Despite the proliferation of other classes of orally inhaled product (OIP), nebulizer systems are still widely used to deliver inhaled aerosol therapies as aqueous droplets because they do not necessarily require the patient to undertake a specific inhalation maneuver; instead, except for certain breath-controlled systems, the patient just needs to breath tidally, as normal when relaxed. This situation is in contrast with medication delivery either by pressurized metered dose inhaler (pMDI) where the patient has to coordinate actuation with a slow inhalation followed by a breath-hold or by passive dry powder inhaler (DPI) where the user is instructed to inhale forcefully and deeply in order to disperse the powder efficiently.
Furthermore, formulation development for delivery by nebulizer is a relatively simple process compared with the procedures needed for delivery by either pMDI or DPI. High mass delivery of one or more active pharmaceutical ingredients (APIs) is also possible via nebulizer. For example, a 5 mL ampule of TOBI tobramycin solution for inhalation is formulated with 300 mg of drug product. Many APIs are only available for inhaled delivery via the nebulizer route of administration for these reasons, as well as the need to achieve compatibility of the formulation with the delivery platform as with Cayston aztreonam, an antibiotic delivered by a vibrating membrane nebulizer as an inhalation solution for support therapy in cystic fibrosis.

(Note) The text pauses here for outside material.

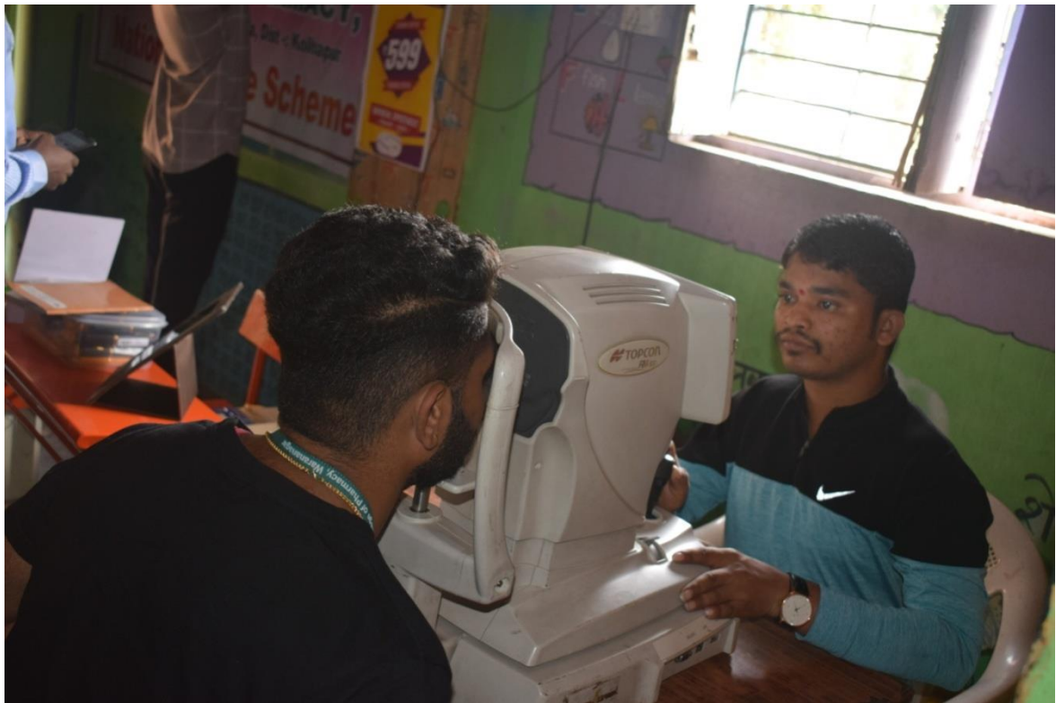
Eye Check-up camp at NSS Special Camp in Kakhe, Tal- Panhala, Dist- Kolhapur (03/02/2023)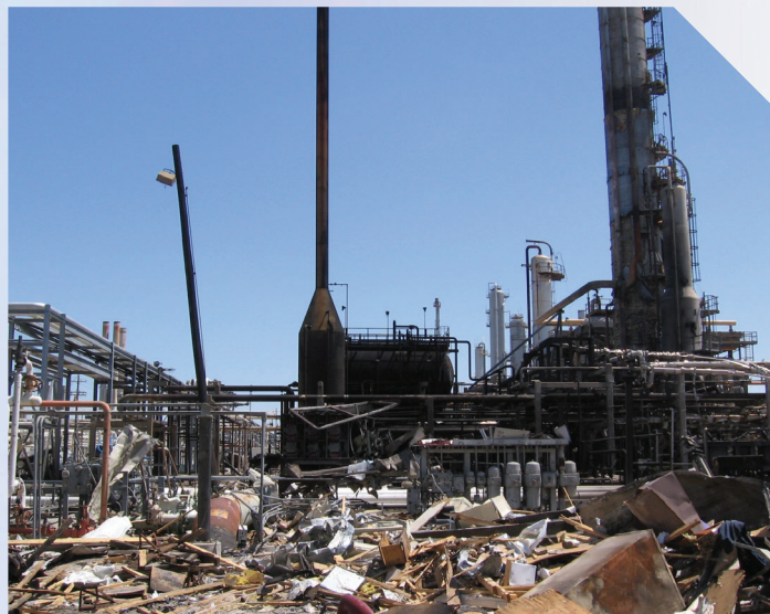
View of the BP Texas City refinery following the March 23, 2005 explosions and fire.

On March 23, 2005, the BP Texas City refinery experienced explosions and fire in an isomerization unit (ISOM) that resulted in 15 deaths, 180 injuries, and significant monetary losses. The accident was caused by the overfilling of a raffinate splitter tower during startup, which in turn opened pressure relief devices and dumped flammable liquid into a blowdown drum with a stack that was open to the atmosphere. The flammable liquid exceeded the capacity of the blowdown drum and erupted out of its stack into the surrounding area where it ignited, resulting in the explosions and fire.

A number of sophisticated nebulizer systems have been developed as the result of increased concern regarding poor patient compliance with all types of orally inhaled product, as well as the desire for better targeting of often expensive formulations to specific regions of the lungs.
These drivers have been focused on achieving the following goals:
- to provide feedback to the user to encourage optimum inspiratory profiles beyond the basic flow rate-elapsed time profile characteristic of relaxed tidal breathing that had hitherto been the norm when receiving nebulizer-based therapy;
- to allow one-, or better, two-way communication of data from/to the patient using the inhaler to/from the clinician to enable better support to patients, especially those with poor inhalation technique;
- to minimize wastage when the medication being delivered is expensive by reducing the dead (residual) volume of liquid retained by the nebulizer after therapy.
While these goals are laudable from the standpoint of delivering effective therapy, they can come at a considerable cost to the payer, often in the high hundreds or even thousands of dollars. Such pricing may well offer value in certain situations where a developer of a specific drug / device combination product has a “must have” requirement for the added features. The conundrum the developers are faced with, is how many features are “must haves” and what additional cost is bearable. Significant added cost to the device is likely unjustifiable for the treatment of the classic obstructive lung diseases such as asthma and COPD where the medication cost component is relatively low in comparison with the cost of new formulations that are often developed to target diseases with relatively low numbers of patients.